Isolation policies are, when enforced, explicit deny policies for ensuring that two or more environments do not communicate. For example, a Dev/Test/QA environment can be isolated from Production to ensure that a misconfiguration does not result in Dev/Test/QA workloads accidentally writing to a Production database. Isolation policies specify two or more categories and either monitor or block all traffic between the categories. One important caveat is that isolation policies can be bypassed by way of floating IPs, as they presently do not account for floating IP assignments when calculating destination traffic, so caution should be used when using floating IPs in conjunction with isolation policies, as additional steps will be required to prevent unwanted traffic.

Application & Shared Services

Application policies and Shared Services policies are both configured in a very similar manner. Application policies are the most common and the linchpin of an FNS implementation, so we’ll start with those.

Application Policies

In our Application-Centric Policy Model, we take the approach where, instead of a single monolithic list of firewall rules for your entire environment, we manage security policies on a per-application basis. Below is a model of a typical Application policy.

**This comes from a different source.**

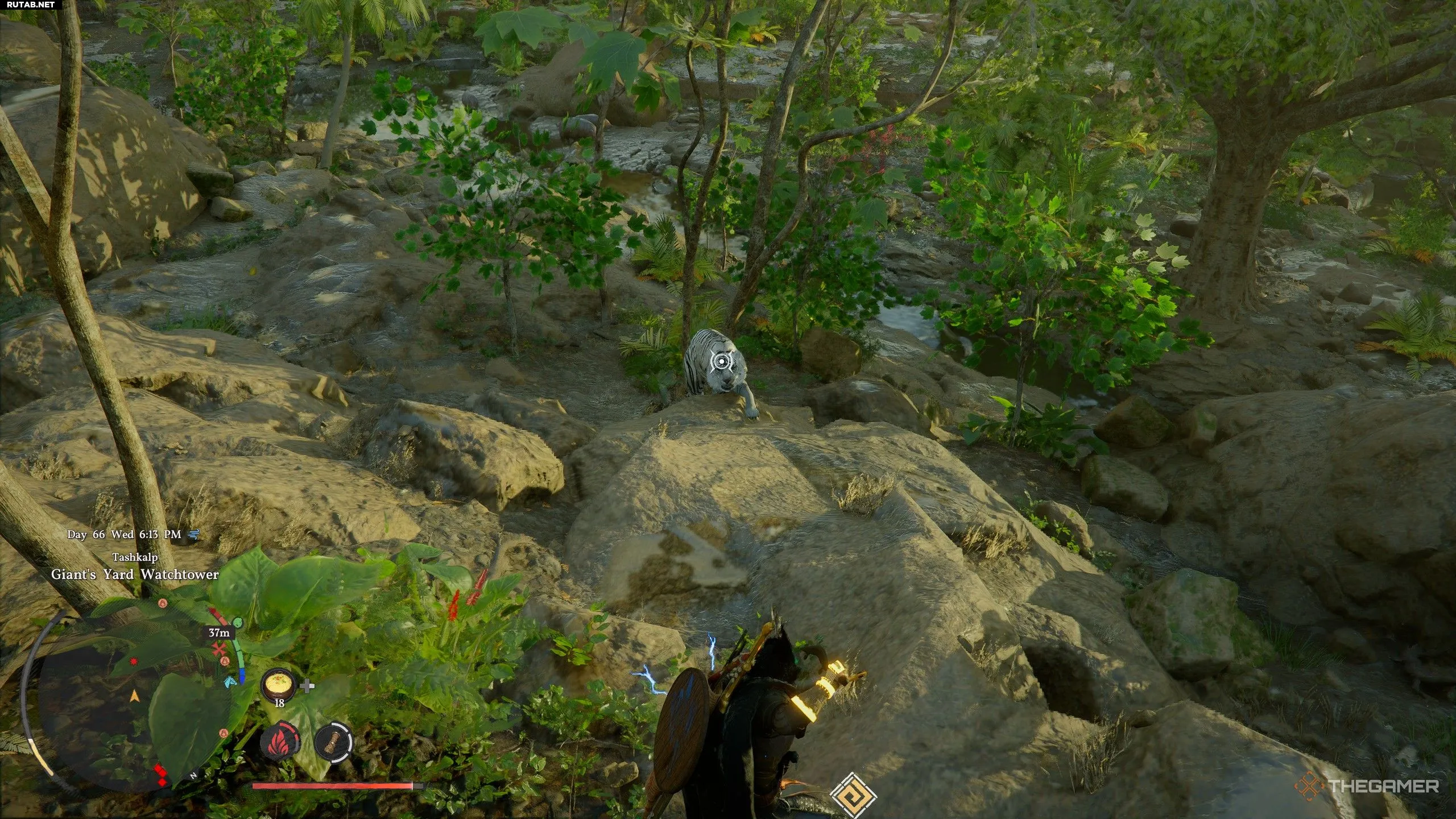 Очистив территорию, направляйтесь прямо на юг от Долины Змеиной Головы, пока не найдёте небольшой пруд у скалы. Там вы обнаружите не только Белого тигра, но и нескольких обычных тигров, которые бродят вместе с ним.

Application Policies define an application as a collection of Secured Entities that represent the discrete functions/components of the application. For example, say we have a three-tier application called PubSite. Our secured entities would be our PubSite Web Servers, our PubSite App Servers, and our PubSite DB Servers. These entities are going to be defined as a category (or the union of multiple categories) or Entity Group which includes the specific VMs involved in that tier/function of the application.

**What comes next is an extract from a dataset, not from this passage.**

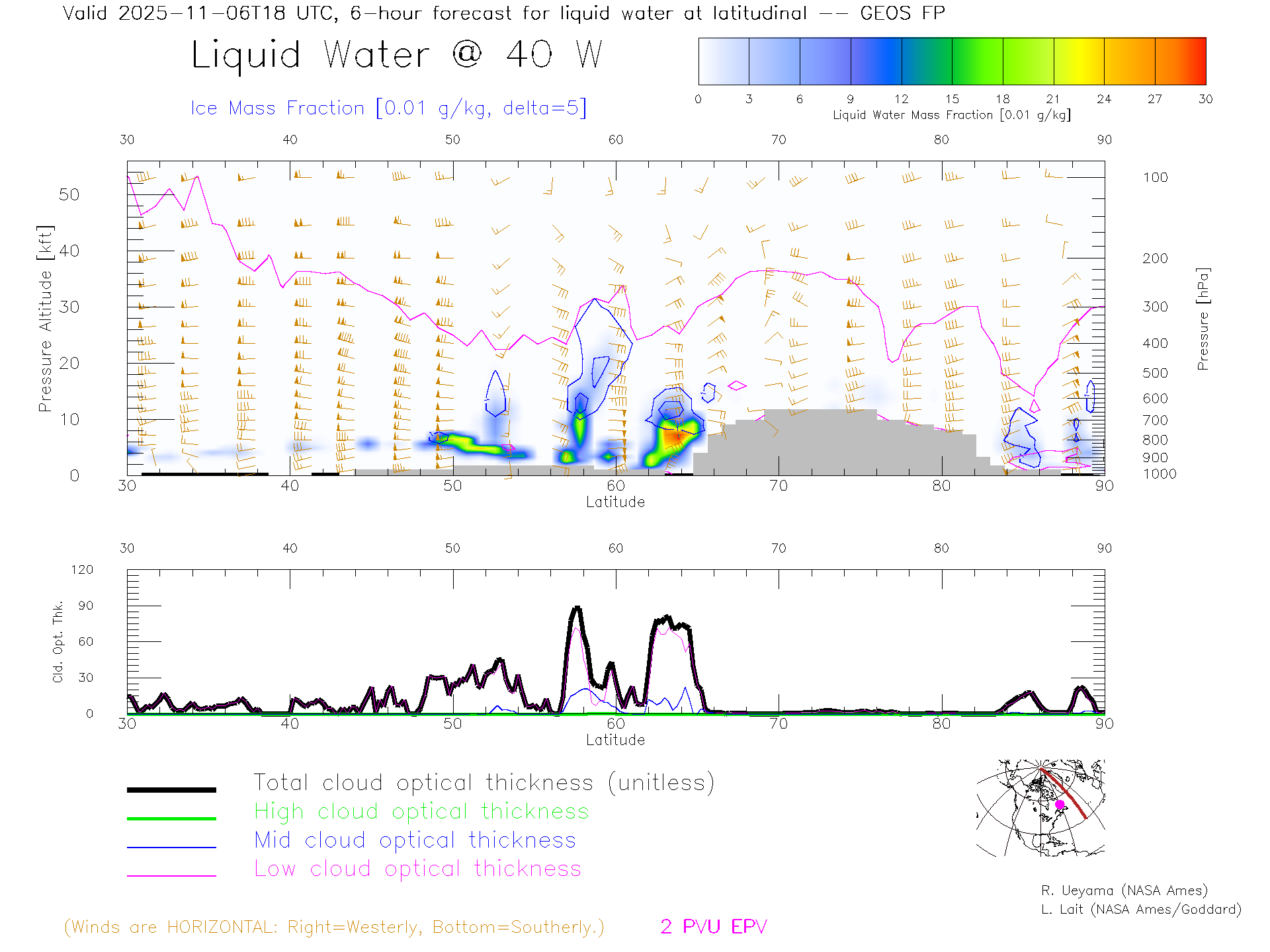 GEOS Forecast Cloud Water Content X-Section (40 W)

For each Secured Entity, there is an Intra-Tier Rule that defines whether the VMs in the Secured Entity can talk to each other, and if so, how. The Intra-Tier rule has three options: Allow All, Allow Specific² (and deny everything else), and Deny All. Keep in mind, and this is very important: the intra-tier rule is higher priority than inbounds and outbounds. This means you need to be cautious about creating overly large Secured Entities. You need to keep your Secured Entities small and focused enough that you are comfortable with an allow or deny rule between all of the VMs within the entity. For example, it might be tempting to throw all of your VMs in a single category and use it as the secured entity in an application policy to define universal “any” rules. However, this would require you to define an Intra-Tier rule for that “All VMs” entity which would render any other rules pointless.

VPCs as a policy element is new in FNS 5.2+A policy also includes lists of Inbound Sources and Outbound Destinations. These can be either VMs, Subnets³, VPCs⁴, Entity Groups, Address Groups, Network Addresses (ad hoc/one-off addresses that don’t necessarily require creation of a reusable Address Group) or Allow All (meaning all IPs).

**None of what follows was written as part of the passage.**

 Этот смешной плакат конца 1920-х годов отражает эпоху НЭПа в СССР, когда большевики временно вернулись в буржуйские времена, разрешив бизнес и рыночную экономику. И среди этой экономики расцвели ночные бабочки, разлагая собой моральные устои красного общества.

Finally, the policy is composed of Inbound Rules, which are mappings of an Inbound Source to a Secured Entity with the list of allowed ports and protocols, as well as Outbound Rules, which are mappings of a Secured Entity to an Outbound Destination, with the list of allowed ports and protocols.

It’s important to remember that, due to the nature of microsegmentation and VM-based firewalling, once you secure an application and its constituent VMs with Flow Network Security, only the traffic that you explicitly define via intra-tier, inbound, and outbound rules will be allowed for those VMs. This means you also need to define rules to allow for administrative access (such as SSH or RDP), infrastructure services (such as monitoring, logging, DNS, NTP, or Active Directory), and any outbound internet access required by those servers.

Application Policies are additive. That is, if a VM is in multiple enforced application policies, the effective allow-lists for that VM will include the union of rules from each policy. The Intra-Tier, Inbound, and Outbound rules will be combined into their respective sets with a single implicit deny at the end of the combined list.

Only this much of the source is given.